Пожалуйста, могу и так. Как угодно могу. Лишь бы полова эта проклятая не летела в мою сторону... Она забирается за воротник, и маленькие колючие зверьки разбегаются по всему телу, и нет от них спасения. И пыль смешивается с потом. Лезет в нос, в уши, в рот, в легкие...
А вот ходит в распахнутом полушубке председатель колхоза Абношкин (фамилия-то какая!). Он толст и угрюм. И сопит громко. Даже сквозь грохот веялки слышно. Он ходит и понукает... Почему я должен крутить эту ручку?..
Дышать этой пылью?.. Может быть, он будет собирать материал для задуманной монографии о Толстом? А может быть, она и не нужна? И ничего не нужно? Только овес, золотой овес, душистый овес, ядовитый... Только этот несовершенный механизм, унижающий человека?.. Что нужно?
А у Виташи - сено... Проморгал я. Лечь бы лицом в прохладное сено и раскинуть руки, чтобы они отдохнули. И чтобы поясница отдохнула...
Я меняю руки. То левой кручу, то правой. А крутить все тяжелей и тяжелей. А Маракушев по-прежнему щедро овес засыпает в веялку. Так долго не выдержать.

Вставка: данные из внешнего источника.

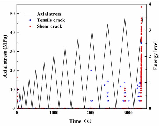 Figure 14 illustrates the changes in energy levels of shear and tensile cracks during the failure process of sandstone. From the figure, it can be observed that during the compaction stage of pre-existing microcracks, the energy level of shear cracks shows a certain upward trend, while the energy level of tensile cracks has almost no signal, indicating that shear cracks dominate during the compaction stage. As the material enters the linear elastic stage, there are no signals for either tensile or shear crack energy levels, suggesting no damage occurs in this phase. When entering the stable crack propagation stage, the energy level of tensile cracks begins to show signals, with some points reaching an energy level of 1.5, while the energy level of shear cracks is almost zero, indicating that tensile cracks dominate in this stage. In the unstable crack propagation stage, shear crack energy levels start to show signals but are lower compared to tensile crack energy levels, so tensile cracks still dominate. Upon reaching the peak stage, the energy level of shear cracks increases dramatically, with the highest level reaching 4, while the energy level of tensile cracks is lower and the number of signals is also lower. Concurrently, experiments have found that multiple shear fracture surfaces occur at the moment of failure, with shear cracks dominating. From these observations, it is found that before failure, the energy level is almost below 2, but at the time of failure, the energy level reaches 4. Therefore, this phenomenon can be used as a precursor to rock failure.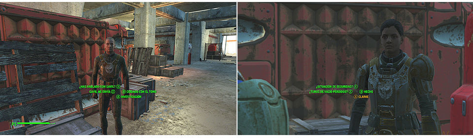 Nos dirigimos hacia la ubicación en el aeropuerto, podemos usar el Vertibird o el viaje rápido para llegar, en el almacén nos encontramos con el Sargento Gavil que pondrá en duda las acusaciones pero nos da una par de nombres para investigar, Lucia y Clarke.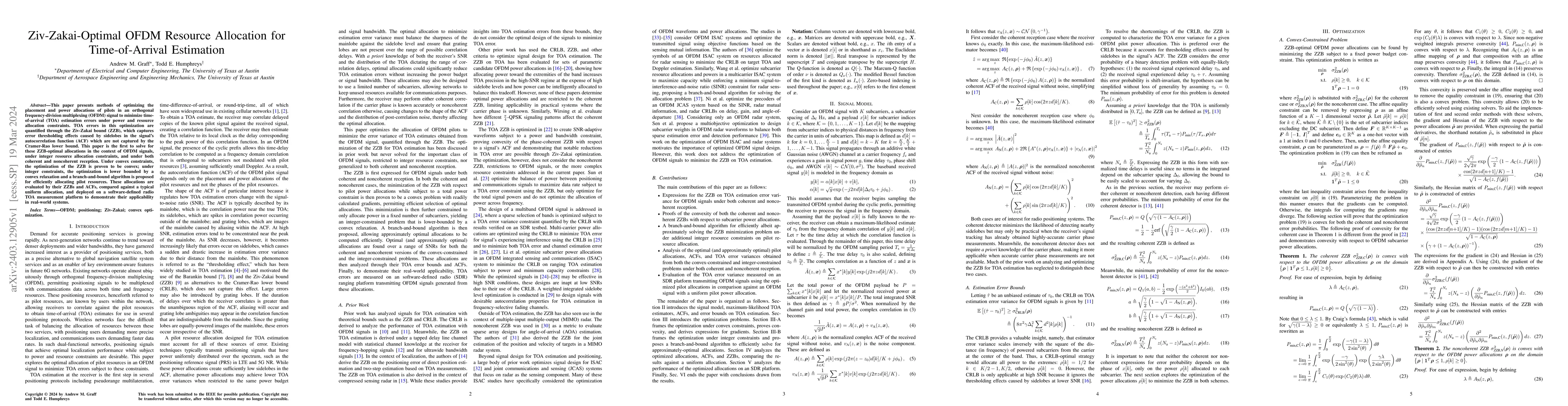 This paper optimizes pilot placement and power allocation in OFDM signals to minimize time-of-arrival estimation errors using the Ziv-Zakai bound, addressing power and resource constraints, and employing a branch-and-bound algorithm for integer resource allocation. The method is tested on a software-defined radio platform to validate real-world performance.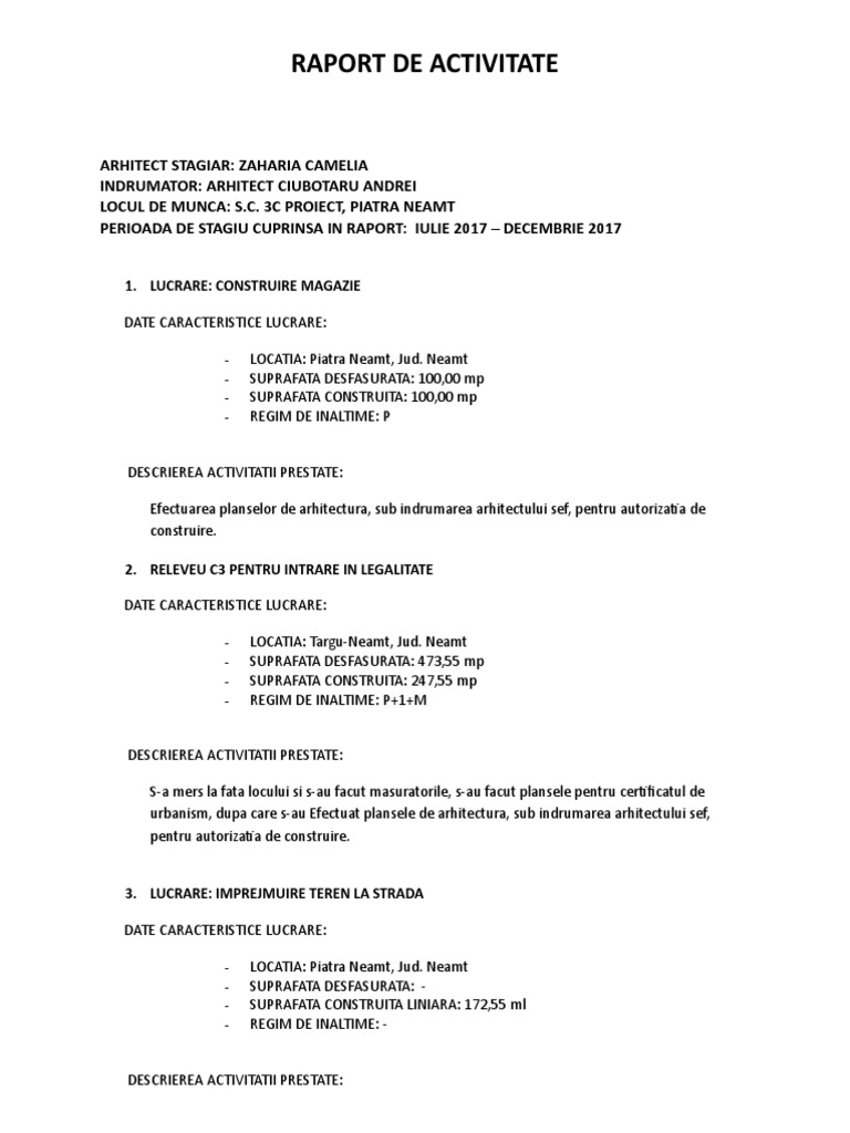 Raport De Activitate La Locul De Munca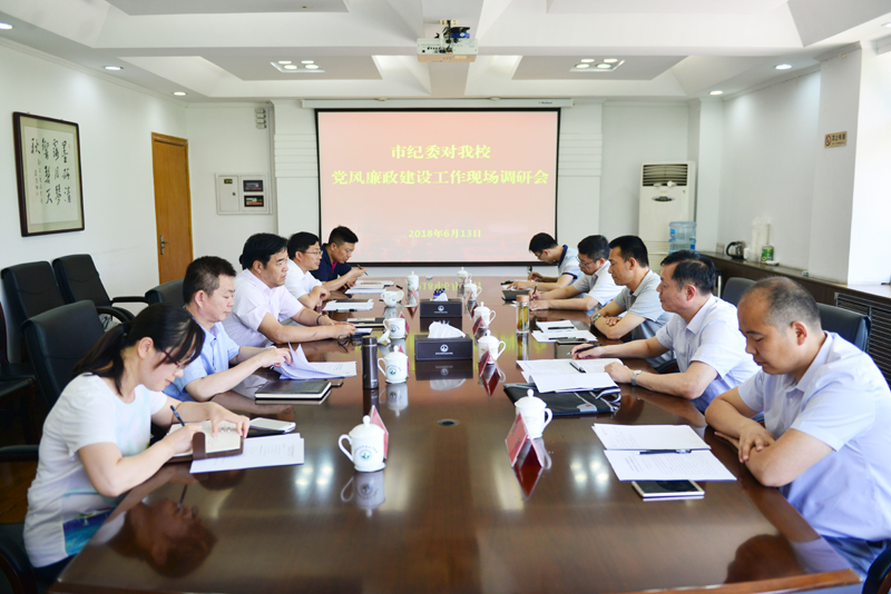 孙进代表学校对市纪委调研组表示欢迎,并简要介绍了学校办学基本情况和社会影响力、第二次党代会以来学校发展战略、校党委推动全面从严治党加强系列制度建设等方面的探索做法和取得的成效。魏勇介绍了学校党风廉政建设工作总体情况、贯彻落实中央纪委二次全会和省纪委三次全会精神情况、落实中央八项规定实施细则情况和我校纪检监察工作机制建设情况。

- Вы что-то помногу сыплете! - кричу я ему. И вместе с криком изо рта моего вылетает комок жеваной пыли и летит в глубину сарая.
А Маракушев всё сыплет. Медное его лицо сосредоточено. Лампы подмигивают со своих столбов. Кружится золотая пыль...
- Давай, давай! - кричат бабы.
Где это Шулейкин прячется, интересно?
- Директор-то ваш опять у Багреихи под окнами пасется, - говорит мне баба.
Ааа... Ему серпа мало. А может, это любовь? Ну не может он без нее, и всё...
- Она ему не даст, - говорит другая, - разве он ей подходит?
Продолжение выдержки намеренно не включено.